Hayırlısıyla bir Kurban Bayramını daha geride bıraktık. Allah Teala’nın emri
üzere, kurban kesmek üzerine vacip olan inananlar bu görevlerini yerine
getirdiler. Bir dahaki kurbana kim öle, kim kala Rabbim bilir.
Bu günkü
yazımda sizlerle bayramın bir başka boyutunu ele alalım istedim. Yazımın
başlığından da anlaşılacağı üzere bu yılki bayramda hayvan yetiştiricilerimiz,
üreticilerimiz kelimenin tam anlamıyla “kurban” oldular. Nasıl olmasınlar ki;
beş altı ay önce aldıkları kurbanlıklara baktılar, beslediler, Tosya’dan üçbin
beşyüz liraya aldıkları hayvanı yine Tosya’da üçbin beşyüz, altıyüz arasında
sattılar, satmak zorunda kaldılar. Hele bayrama son bir hafta kala fiyatlar
dibe vurdu, üretici telaşlandı ve çoğu aldığı fiyatın altında hayvanını elden
çıkarmak zorunda kaldı.
Nasıl
çıkarmasın; yemin çuvalı elli,ellibeş lira. Bir besi hayvanı ortalama ayda iki
çuval yem tüketiyor. Yani bir hayvanın aylık yüzon lira sadece yem maliyeti
var. Altı ayda ortalama bir hayvana beş altı yüz lira yem, üç dört yüz lira
diğer masraflar yapılmış. Ortalama yapılan masraf bin lira. Bu sadece kurbanlık
olarak bakılan hayvan için. Aldığı fiyata, son zamanlarda da onun da altında
hayvanını satmak zorunda kalan, hayvancılıktan başka geçim kaynağı olmayan,
bütün ümitlerini, hayallerini kurbanlıklara bağlayan üreticinin yerinde siz
olsanız ne yapardınız?
Hele belki daha iyi bir fiyata satabilirim umuduyla Kurban Bayramı’nda
hayvanlarını satabilmek için İstanbul’a giden besiciler hayal kırıklığı yaşadı.

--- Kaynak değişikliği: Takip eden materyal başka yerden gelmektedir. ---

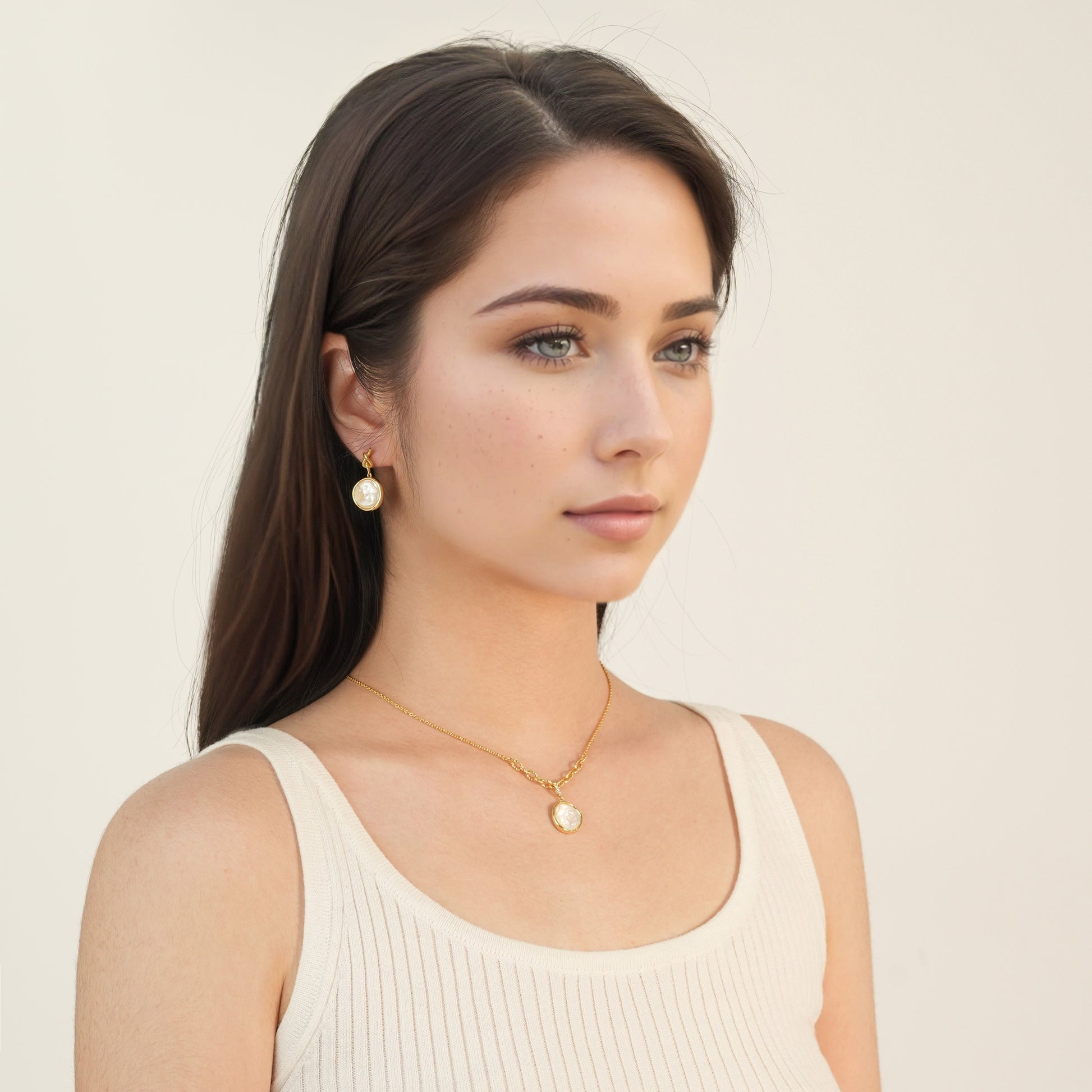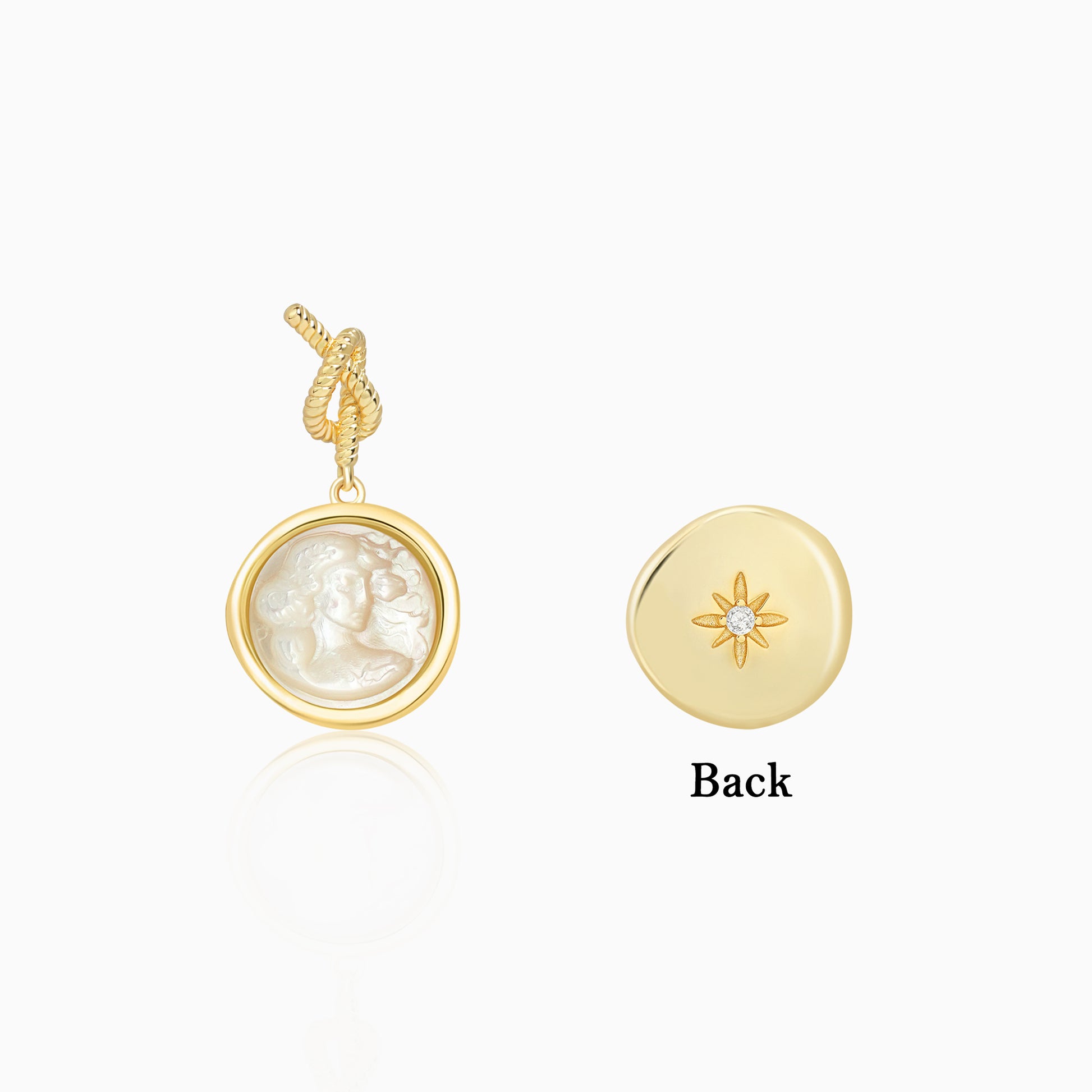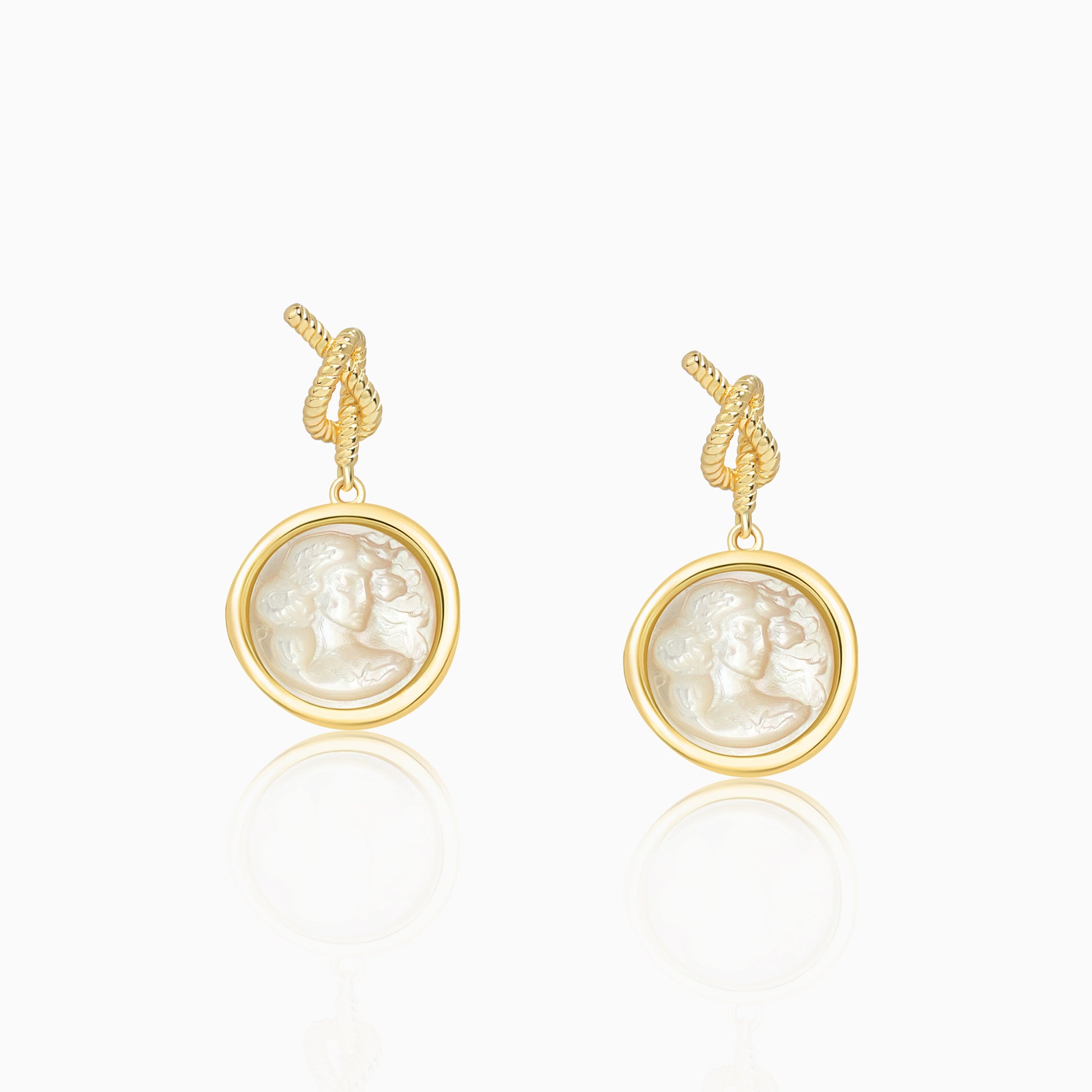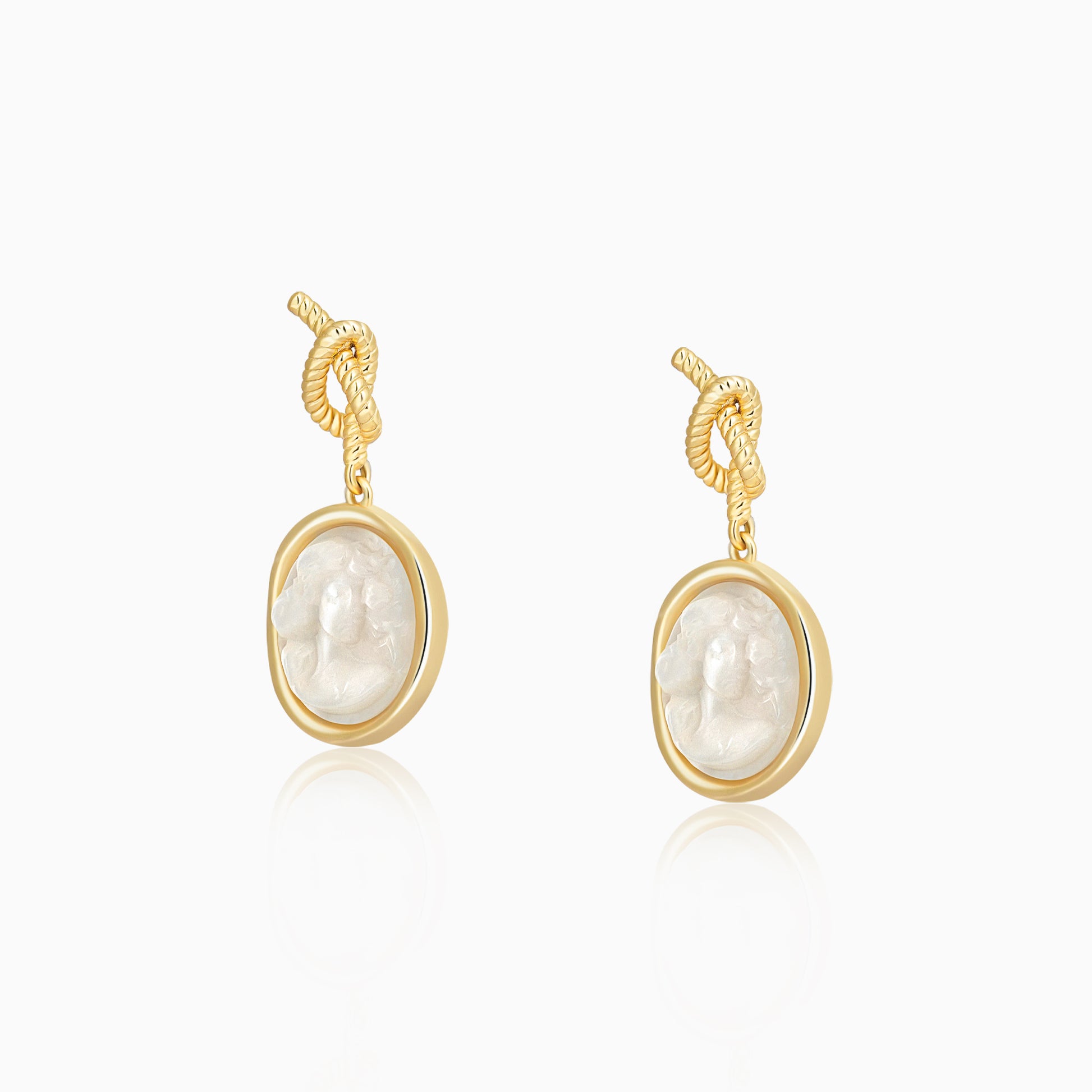 Carved mother‑of‑pearl profiles of a love goddess gleam with rose‑gold opalescence, paired with knot‑inspired studs that evoke ancient Greek vows—together marrying vintage ritual with modern elegance.

Fiyatlar ilk zamanlar kurtarır halde seyrederken bayramın birinci gününden
itibaren yüzde elli altmış düştü. Zararına satış yapmak istemeyen üretici
mecburen hayvanını yüklediği gibi memleketinin yolunu tuttu.
Üreticinin yerinde siz olsaydınız ne yapardınız demiştim ya. Sizi bilmem ama
ben olsaydım en kısa zamanda besiciliği bırakırdım. Başka ne yapabilirimi daha
sonra düşünürdüm. Öyle ya “zararın neresinden dönerseniz kâr” değil mi? Besili
hayvanlarınız elinizde, kurban kesenler etlerin çoğunu derin donduruculara
stokladı.
Eskiden kurbandan sonra iki ay kasaplara uğranılmazdı, şimdi on bir ay
uğranılmıyor. Böyle olunca da kasaplar pazara bile gitmiyorlar. Gitseler bile
darılmasınlar, havalarından yanlarından geçilmiyor. Eh biraz da hava atmakta
haklılar yani. Her taraf besili hayvan, alan yok, satan yok. Ahırda kalsa her
gün artı masraf, mecburen elden çıkmak zorunda hayvanlar. O zamanda “aman
efendi, şu bizim tosunlar tam sana göre, parası önemli değil. Altı ay, bir sene
para falan istemem, ne zaman canın isterse o zaman öde” diye zoraki, öldüm
fiyatına satışlar yapılıyor maalesef. Devamında buluşmak üzere hoşça kalın.
Yorumlar kapalı.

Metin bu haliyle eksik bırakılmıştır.